Dataset items>
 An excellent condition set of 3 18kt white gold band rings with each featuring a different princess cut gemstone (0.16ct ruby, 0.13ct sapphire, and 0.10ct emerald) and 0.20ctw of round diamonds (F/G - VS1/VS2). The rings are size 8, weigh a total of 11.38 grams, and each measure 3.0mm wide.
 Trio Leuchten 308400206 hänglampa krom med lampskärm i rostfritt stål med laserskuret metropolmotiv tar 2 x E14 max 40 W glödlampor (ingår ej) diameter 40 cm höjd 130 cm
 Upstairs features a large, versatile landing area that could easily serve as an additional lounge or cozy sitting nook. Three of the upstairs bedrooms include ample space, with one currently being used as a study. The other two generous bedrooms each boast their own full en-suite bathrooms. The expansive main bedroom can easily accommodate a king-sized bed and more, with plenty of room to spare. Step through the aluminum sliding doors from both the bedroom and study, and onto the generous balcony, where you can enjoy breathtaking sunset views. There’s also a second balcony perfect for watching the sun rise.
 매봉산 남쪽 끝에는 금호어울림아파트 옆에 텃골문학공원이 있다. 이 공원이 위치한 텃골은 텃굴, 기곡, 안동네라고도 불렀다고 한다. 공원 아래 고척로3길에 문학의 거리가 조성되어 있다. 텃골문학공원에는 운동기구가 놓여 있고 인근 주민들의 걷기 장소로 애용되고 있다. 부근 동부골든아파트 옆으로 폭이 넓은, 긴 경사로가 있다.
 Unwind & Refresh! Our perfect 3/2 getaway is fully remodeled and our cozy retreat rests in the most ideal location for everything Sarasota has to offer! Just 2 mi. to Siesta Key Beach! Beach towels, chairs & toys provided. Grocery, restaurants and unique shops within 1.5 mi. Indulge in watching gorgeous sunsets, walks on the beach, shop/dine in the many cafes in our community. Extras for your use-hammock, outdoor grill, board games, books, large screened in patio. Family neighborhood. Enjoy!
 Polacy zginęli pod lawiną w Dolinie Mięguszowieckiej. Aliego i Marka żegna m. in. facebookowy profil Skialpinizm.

Instructions for the task> Reproduce exactly the entries above, limited to the lines from the one with "Trio Leuchten 308400206" through the one with "매봉산 남쪽 끝에는 금호어울림아파트", both included.

Response>
 Trio Leuchten 308400206 hänglampa krom med lampskärm i rostfritt stål med laserskuret metropolmotiv tar 2 x E14 max 40 W glödlampor (ingår ej) diameter 40 cm höjd 130 cm
 Upstairs features a large, versatile landing area that could easily serve as an additional lounge or cozy sitting nook. Three of the upstairs bedrooms include ample space, with one currently being used as a study. The other two generous bedrooms each boast their own full en-suite bathrooms. The expansive main bedroom can easily accommodate a king-sized bed and more, with plenty of room to spare. Step through the aluminum sliding doors from both the bedroom and study, and onto the generous balcony, where you can enjoy breathtaking sunset views. There’s also a second balcony perfect for watching the sun rise.
 매봉산 남쪽 끝에는 금호어울림아파트 옆에 텃골문학공원이 있다. 이 공원이 위치한 텃골은 텃굴, 기곡, 안동네라고도 불렀다고 한다. 공원 아래 고척로3길에 문학의 거리가 조성되어 있다. 텃골문학공원에는 운동기구가 놓여 있고 인근 주민들의 걷기 장소로 애용되고 있다. 부근 동부골든아파트 옆으로 폭이 넓은, 긴 경사로가 있다.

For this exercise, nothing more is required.